We have just celebrated what amounted to a world-wide birthday party (although not everyone acknowledges that’s what it was) and are now starting to prepare for another kind of world-wide party, This one will celebrate the beginning of a “new” year — a rebirth if you will — symbolized by a baby displacing the “old” year depicted as an exhausted, elderly man. Yep, we truly need this brief opportunity to reorient ourselves — to take stock of what the “old” year brought and what the “new” year promises.

As I have noted in past years at about this time, the ancient Romans had their own symbol for this exercise — the god Janus. Janus, for whom the month of January is named, had two faces — one facing forward and the other backward so he could contemplate the past and also look to the future. He was also the god of doorways — portals providing passage from one place to another — and god of new ventures. Sounds like a representation of what we still do today, doesn’t it — we just do things in a different way complete with those quickly forgotten resolutions.

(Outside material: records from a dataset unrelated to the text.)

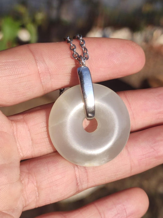 Gemstone necklace moonstone white ~ 30mm donut shape ~ including 925 sterling silver donut holder + 304 stainless steel chain with lobster clasp You will receive the moonstone donut pictured...
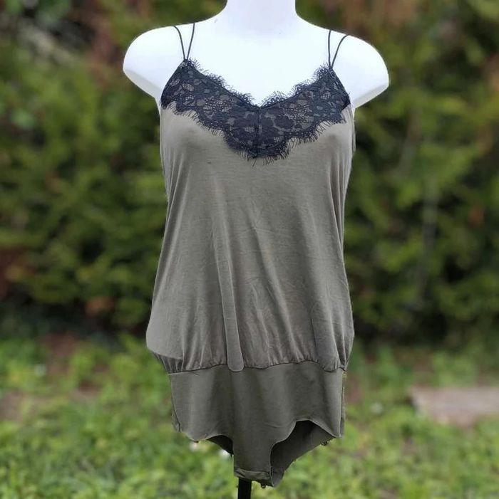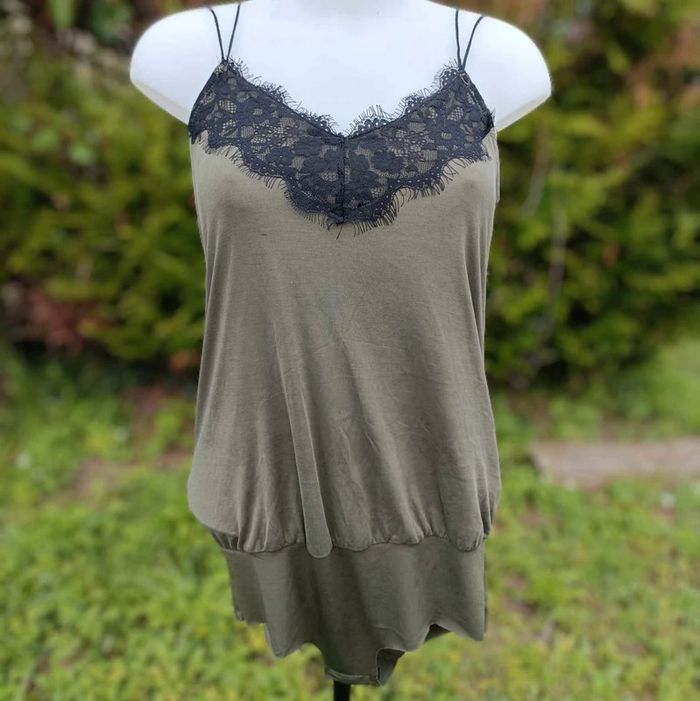 Body débardeur kaki avec détail dentelle sur le décolleté Kiabi Taille S
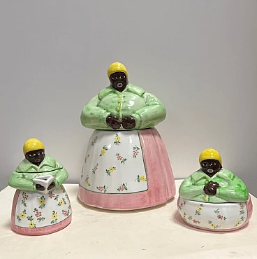 3 Porcellane ESTE serie Mammy, biscottiera, zuccheriera e lattiera, tardo '900
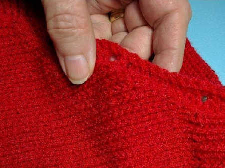 Hold sweater with purl side facing you, knit side toward the machine. Pick up 62 stitches from
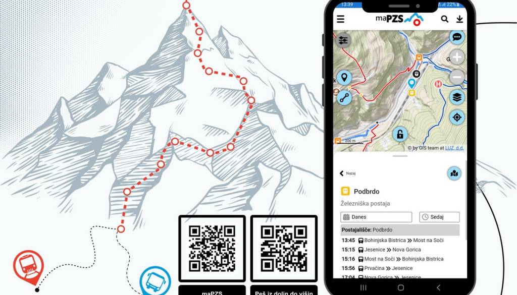 Aplikacija Planinske zveze Slovenije za lažje načrtovanje izletov in orientacijo na terenu maPZS po novem vključuje tudi tako imenovani sestavljalnik poti ter prikaz voznih redov avtobusov in vlakov na vseh postajališčih v Sloveniji.

OK, so let’s do a bit of the Janus thing by taking a peek at some of the unusual stuff characterizing the “old” year. In sports we witnessed one of the most improbable major league baseball phenomenons of many a year. The Chicago Cubs won the National League pennant and the Cleveland Indians did the same in the American League — feats not accomplished in the entire lifetime of a number of their adult diehard fans. Then to top it off, they played one of the most exciting world series ever with the outcome not being decided until the dramatic finish of the seventh game. Whoda thunk it? Not just one, but two perennial also-ran teams coming up with such spectacular seasons.

In college football, this season has already had some memorable happenings. Ohio State, a longstanding powerhouse in college football, lost only one game — to Penn State — a no-name team. (Unlike other teams they do not sport the names of the players on the back of their jerseys — hence the “no-name” nickname.) Anyway, Penn State then went on to win the Big Ten Conference championship game in a remarkable — and unexpected — comeback effort and earned the right to play in the most prestigious bowl game of all — the Rose Bowl. What is extraordinary is that, Ohio State, which didn’t even make it to its conference championship playoff game, has been selected as one of four teams in the playoff for the national championship. Think about it. Sure, an unheralded team is in the Rose Bowl but a team it defeated is in competition for the national championship. How about them apples?

Moving on to politics and an almost bizarre series of events. Nearly a dozen folks competed for the nomination for president by one of the parties. The one who defeated the others had no political experience, but is a billionaire businessman — now that’s a first. Then during the campaign, his supporters were characterized by the opposition as “deplorables,” in other words “ … racist, sexist, homophobic, xenophobic, Islamaphobic — you name it.” undesirables. The unpredicted reaction by his supporters was that they turned this intended insult, this slur, around and adopted it as an identifier — “We’re proud to be among the Deplorables.” And, doncha know, the Deplorables won the election handily. Another whoda thunk it.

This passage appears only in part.